Tolotra Razafimahandry, technicien de laboratoire, ne fait que dramatiser la situation de l'éducation. "À mon avis, l'enseignement de base comporte le niveau primaire et les deux cycles du secondaire. Si dans un fokontany, il existe huit EPP, dans une commune, il devrait y avoir au moins cinq Collèges d'enseignement général et trois ou quatre lycées.

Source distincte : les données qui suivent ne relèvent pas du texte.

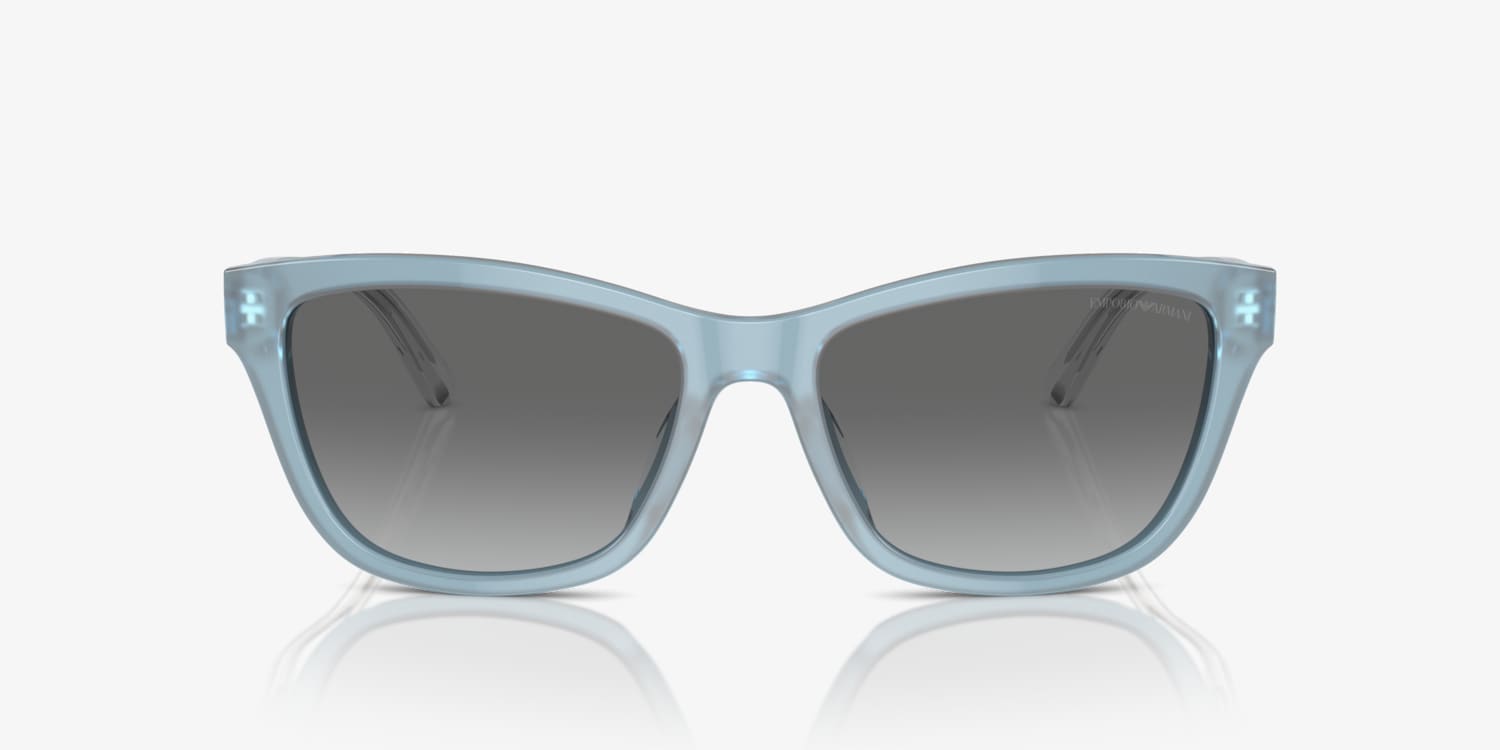 Discover the impeccable synergy between style and optics in Emporio Armani EA4227U. The cat eye shape, crafted from polished acetate, adds a touch of glamour to any look. The frame color finish in shiny opaline azure is complemented by grey gradient lenses, offering both style and practicality. These shades are designed to elevate your fashion game while providing excellent protection for your eyes. Embrace the Emporio Armani vision with these stunning sun glasses. Available with prescription lenses.

Ce manque d'infrastructures handicape le système scolaire et c'est pour cela que les écoles privées ouvrent leurs portes, mais la qualité de l'enseignement dans ces établissements se base sur la publicité mensongère", regrette-t-il.

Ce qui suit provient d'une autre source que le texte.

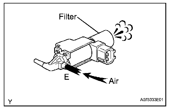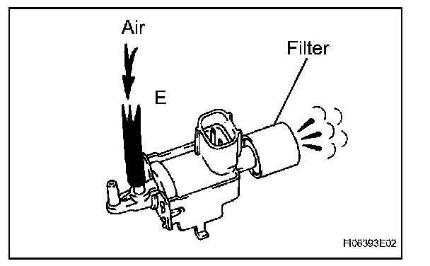 1. Check that air flows from port E to the filter.

Le jeune homme critique également le faible niveau d'instruction des enseignants Fram qui se répercute sur le niveau des apprenants. "Nous ne savons pas jusqu'à quand cette faiblesse durera, mais vu les différentes grèves concernant les indemnités et les subventions, les élèves ne voient que le mauvais exemple dont ils s'inspireront plus tard", ajoute-t-il.

 

Les aides salvatrices des partenaires étrangers

 

S'il n'y avait pas les aides des partenaires étrangers, Madagascar aurait sombré dans l'abysse de la pauvreté. L'Union européenne alloue des enveloppes colossales pour financer des projets de santé, d'éducation et d'infrastructures. Les organisations et fonds des Nations unies ainsi que les organismes internationaux font pareil pour soutenir l'éducation, l'environnement, l'eau, l'hygiène et l'assainissement, l'agriculture, l'alimentation et veiller au bien-être de la population. Plusieurs gouvernements étrangers utilisent aussi leurs ressources à travers leurs agences respectives pour faire tourner le moteur de la santé, de l'artisanat, de l'enseignement supérieur, de la sécurité. Le gouvernement fait de son mieux pour rendre la vie des Malgaches meilleure, mais l'inégalité de chance et la disparité s'installent toujours entre zones urbaines et rurales, puis entre toutes les classes sociales. Les Malgaches croient en leurs potentialités et espèrent qu'un jour au l'autre, ils parviendront à mettre KO la pauvreté qui avarie leur vie.